Twenty-five years ago, Lyle Schaller told a group of ministers in North Carolina that if we wanted to stay conversant with what was happening in the country and also peek around the corner at what might be trending next, simply subscribe to The Atlantic Monthly. I took his advice and have been rewarded more times than not.
In the October issue of The Atlantic, as it’s now called, Liz Mundy writes about our cultural trend of fetishizing failure. In “Everyone Loves a Loser,” she argues for the growing trend toward embracing and even parading our deficiencies as part of self-help and leadership. Listen to the way we talk: “My bad … you win some, you lose some … epic fail … it’s on me.”
Not only are our “flops, folds, setbacks, wipeouts and hiccups” a publishing phenomenon; celebrating them has also, she asserts, worked its way firmly into corporate culture and even “best-practice” parenting. Certainly it shows up in our politics, where Eliot Spitzer, Mark Sanford, David Petraeus and Anthony Weiner have demonstrated a very un-Nixon-like tendency to stick around and profit after highly publicized failures. Mundy says, “Far from being a liability, failure — and humble emergence from failure as sadder, wiser, etc. — has become something to tout.” Even NASA now prefers to hire astronauts who have had setbacks rather than too-easy success.
One reason for this trend is that it aligns with the Great American Success Story. Our Horatio Alger rags-to-riches tales spring from our frontier mentality of pioneers overcoming obstacles on the pathway to success. The American cultural narrative loves a come-from-behind victory by over-achieving underdogs. And if you mess up? According to William and Mary professor Susan Wise Bauer in The Art of the Public Grovel, all you have to do is craft your apology carefully — and a nation stands quick to forgive.

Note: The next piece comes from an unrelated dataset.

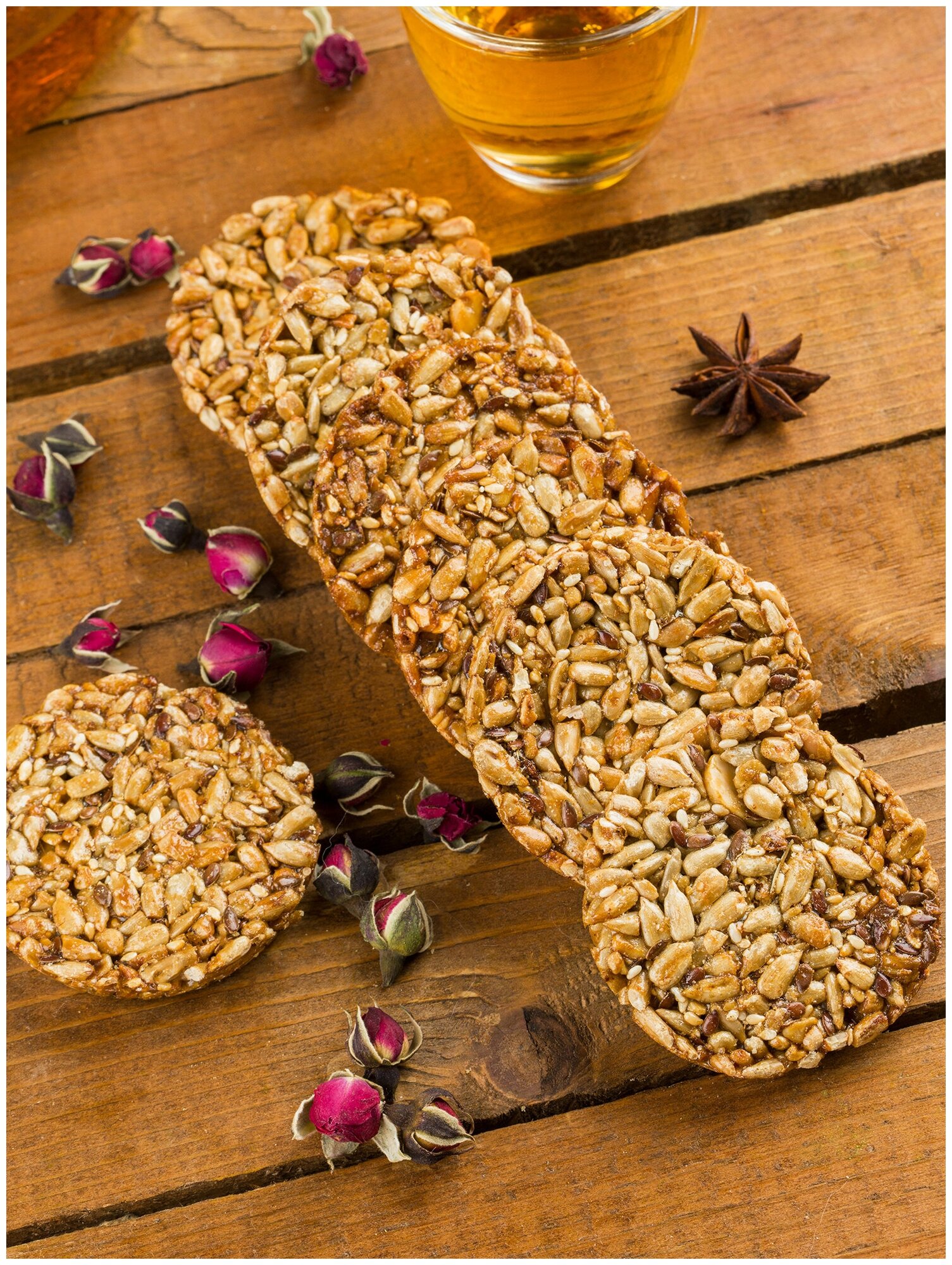 | Состав | семечки подсолнечника, патока карамельная, ядро арахиса, семечки кунжута, семечки льна, мука пшеничная хлебопекарная в/с, сахар-песок, масло подсолнечника, кислота лимонная |

Which brings us to the issue of forgiveness. We Christians are resurrection people, right? How should we react to addiction, bankruptcy, squandering and scandal? We believe in grace, right?
Here’s my take: failure in and of itself is not a moral good and is not to be celebrated. But failure overcome by redemption? That’s another story. And clarifying the gospel as a better story than making failure a fetish is a trend I’d like to see.